Michigan’s bioscience industry shoots up
Tuesday, July 22, 2014
Michigan’s biosciences industry outpaced the state’s economy, creating more than 2,000 new, high-paying jobs in the two-year period following the Great Recession.
The state was home to 1,760 bioscience companies in 2012, up 6.3 percent from 2010, according to a biennial report from Biotechnology Industry Organization (BIO), a Washington D.C.-based trade association. Those companies directly employed 41,892 people in Michigan in 2012, an increase of 6.6 percent from two years earlier. Those employees also earned an average annual salary of $81,296.
The BIO report shows growth occurred across five bioscience categories tracked (see chart on page 14) from 2010 to 2012, rebounding from earlier declines. Michigan also recorded increases over the two years in venture capital investments in the industry, academic research-and-development spending and patents issued.

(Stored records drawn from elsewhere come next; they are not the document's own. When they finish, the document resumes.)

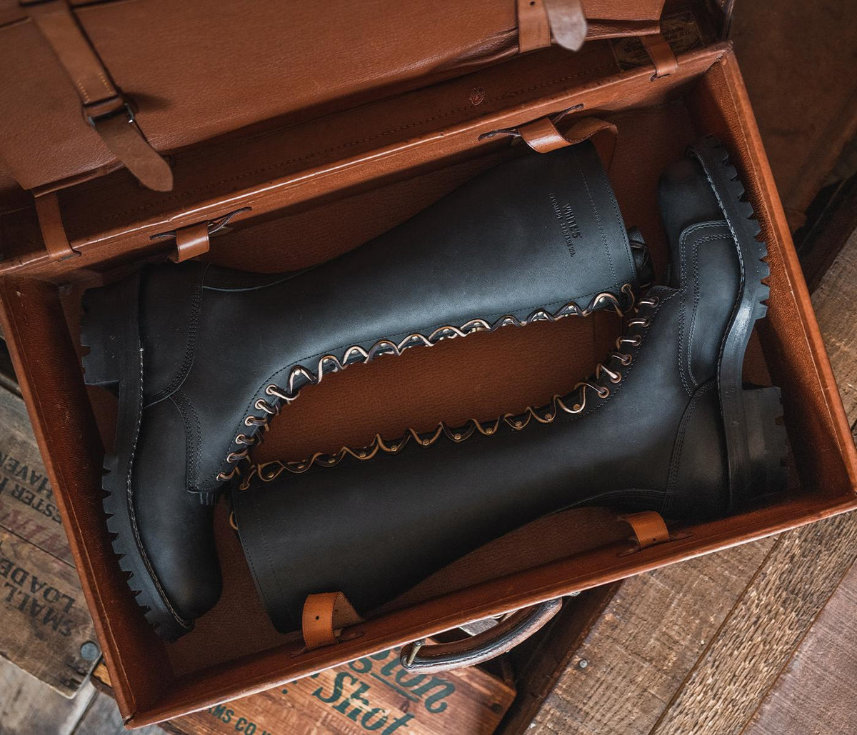 Nail Bottom is a construction type traditionally used in producing calked logging boots and lineman boots - White’s has been using it since the beginning. When bottoming the boot, the bootmaker folds the vamp under the last, instead of outward, securing it in place with nails.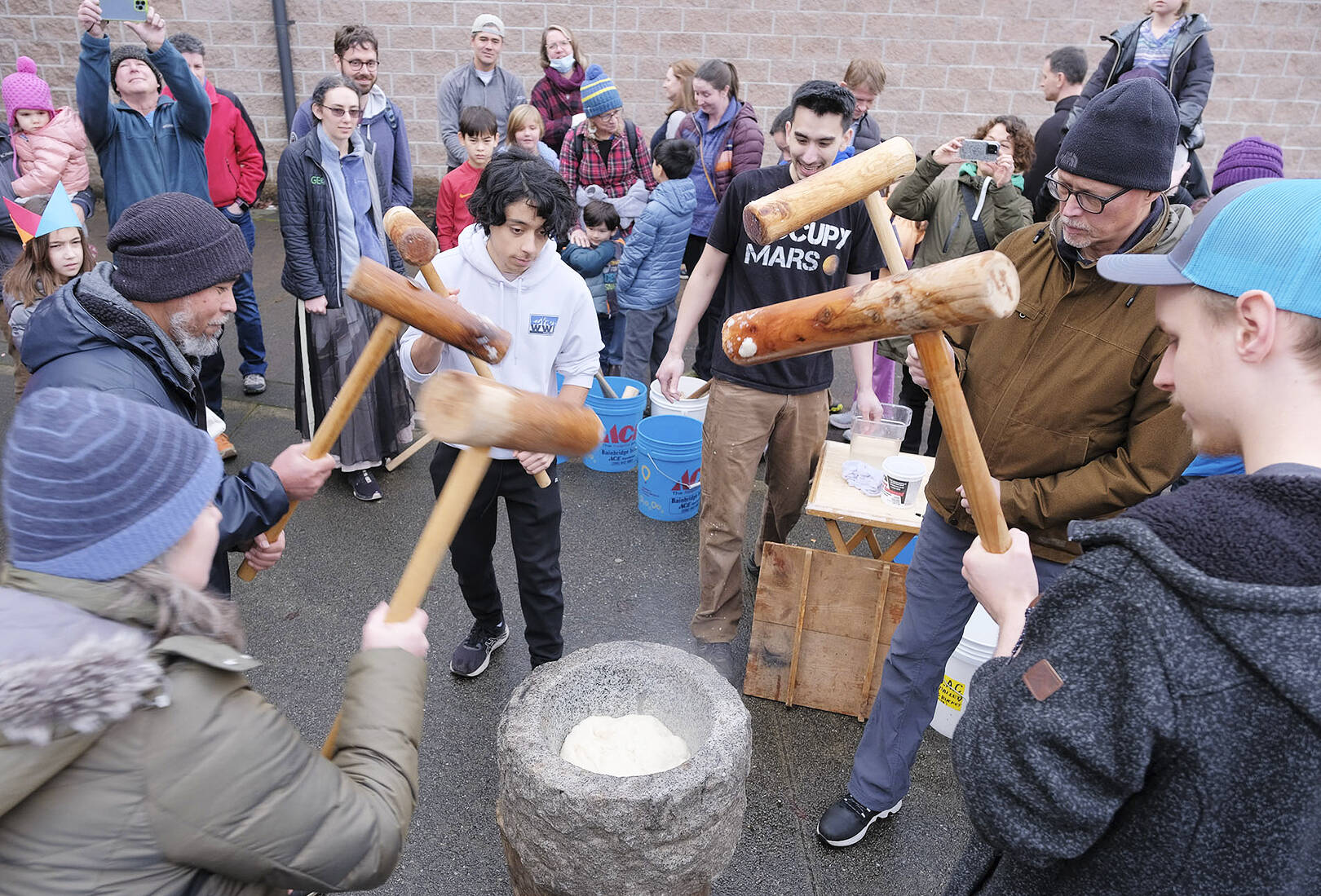 Another hands-on activity was using mallets to mash the mochi dough.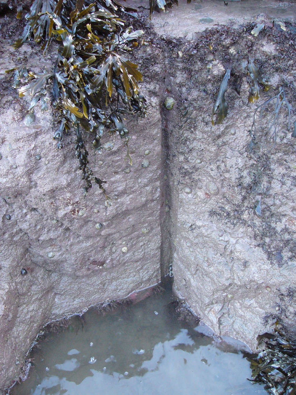 Vertical drill hole in foreshore ironstone quarry (Main Seam).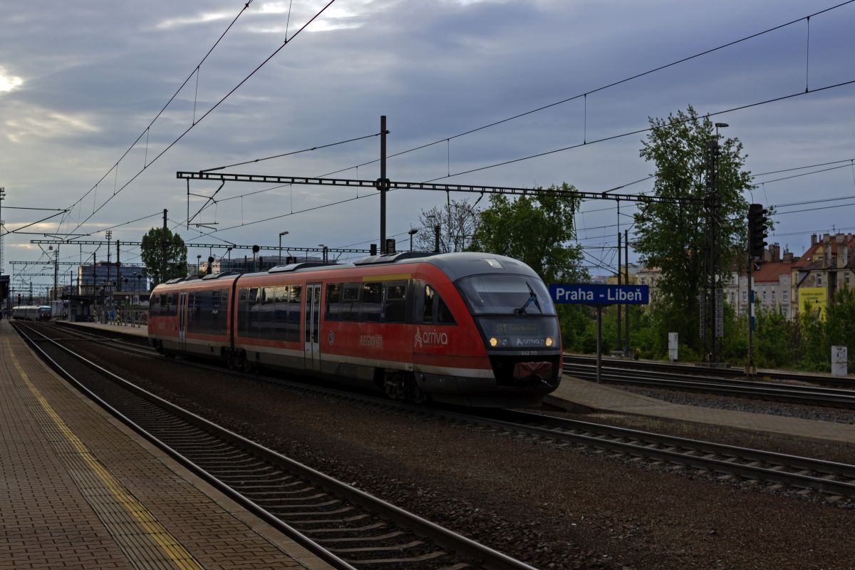 642 086 ist aus Praha-Hostivař zurück und hält auf dem Weg nach Roztok u Prahy gleich in Libeň.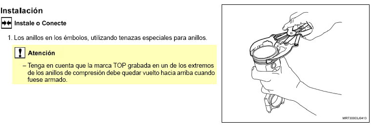 • Fugas de los Anillos de Pistón: compresión es baja en la primera carrera de compresión. La compresión aumenta en las siguientes carreras, pero no llega a ser normal. La compresión mejora considerablemente al agregar aceite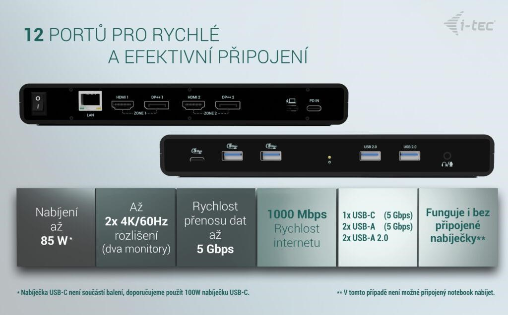 Výkonná, přitome cenově dostupná dokovací stanice, která podporuje výstup až na dva externí monitory ve vysokém rozlišení, a to až 4K/60 Hz. Dokovací stanici lze použít prakticky se všemi notebooky, protože podporuje připojení ke všem běžným portům: 3.0, USB-C, USB4 a Thunderbolt“ 3/4 a zároveň podporuje všechny běžné současné operační systémy.

The growth of Michigan’s bioscience industry was in stark contrast to the overall economy in the state in the period from 2010 to 2012. Total private-sector employment in Michigan declined 5.7 percent to 3.3 million, and the number of businesses decreased 17.3 percent to 210,880, according to the BIO report, which was prepared by the Columbus, Ohio-based research firm Battelle.
“We should be greatly encouraged by this,” said Steve Rapundalo, CEO of MichBio, an Ann Arbor-based statewide trade association. “The new Battelle/BIO findings once again reinforce the fact that Michigan has a robust and growing bio-industry, with specific strengths in several key sectors.”
Most importantly, Rapundalo said, is that the number of bioscience companies grew 11.4 percent and employment was only down a scant 0.4 percent over a broader five-year period that included the state’s deep economic downturn.
“That’s where I took the most encouragement,” he said. “If you just took a snapshot of the current numbers and the previous report, they are all very good, but it’s that longer-term trend that you are really looking for.
“When you throw it all together in the 2007 to 2012 period, which was economically very challenging here in the state, the industry survived pretty darn well and in some cases excelled.”
Over the five-year period, employment in the state’s medical device sector grew 16.1 percent and jobs at agricultural feedstock and chemical companies increased 35.7 percent. Employment in three other categories was still down from 2007 to 2012, despite the gains in the latter two years.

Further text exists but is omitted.